Claire Zimmerman. Albert Kahn Inc.: Architecture, Labor, and Industry, 1905–1961. Cambridge, Mass.: The MIT Press, 2025. 488 pp.
Review by Jacobé Huet
7 November 2025
Some books in architectural history rival the monumentality of buildings themselves. Claire Zimmerman’s Albert Kahn Inc.: Architecture, Labor, and Industry, 1905–1961 is one such case. It evokes monumentality not only in its physical heft but in its landmark contribution to the field, offering what Zimmerman describes as an “alternative history of modern architecture that redirects attention to the masses of buildings that underpinned American empire, but that remained often unaccounted for in accounts of twentieth-century architecture” (p. xix). The author develops her narrative through a series of thematic chapters, beginning with biographical insights into the family business, moving into its historical context, and continuing with considerations of planning, construction, and ultimately, occupancy. From here, one might ask whether Zimmerman’s book re-monumentalizes Albert Kahn’s factories, hangars, and plants, buildings that once functioned as monuments to capitalism, signaling it on a grand scale but, as she convincingly shows, consistently neglected by mainstream architectural history. The kind of discursive monumentalizing the book performs is critical and reflective rather than self-aggrandizing, memorializing a defunct yet still painfully resonant phase of capitalism.

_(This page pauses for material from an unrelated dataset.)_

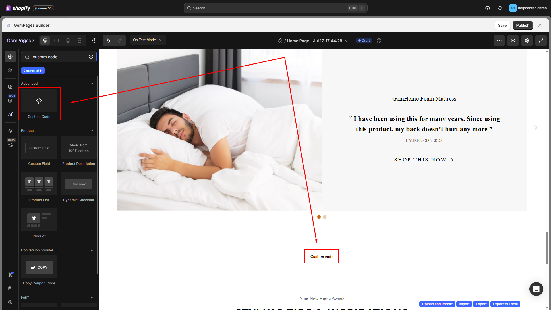 Step 3: From the left sidebar, drag & drop a Custom Code element onto your preferred spot on the page.

What counts as “alternative” in “alternative history” is, of course, highly disputed, raising the question of whether the book ultimately unsettles or reinforces established narratives in architectural history. The issue is especially pertinent given that the book is far from the first monograph on Kahn. Zimmerman cites seven prior book-length studies early in her introduction. However, the author presents her book as the first to locate Kahn’s work intentionally and systematically within its ideological nexus, centered on capitalism. This position induces a distinctive scale for the inquiry, one that is both fluctuating and productive. It’s not just a book on Kahn—although he remains the principal figure—nor just on the collaborators in his firm. It certainly is a book about Detroit, where the firm was based and left the most visible mark, but not only about Detroit, because Albert Kahn Inc. operated globally (I recommend that readers linger on the striking world map in the preface). At times, the book extends claims on architecture and capitalism as a whole, beyond narrow definitions of places and protagonists. Though especially germane to Americanists, the book’s shifting scale ensures its acute relevance to broad audiences, including all who study architecture as a locus of power and ideology.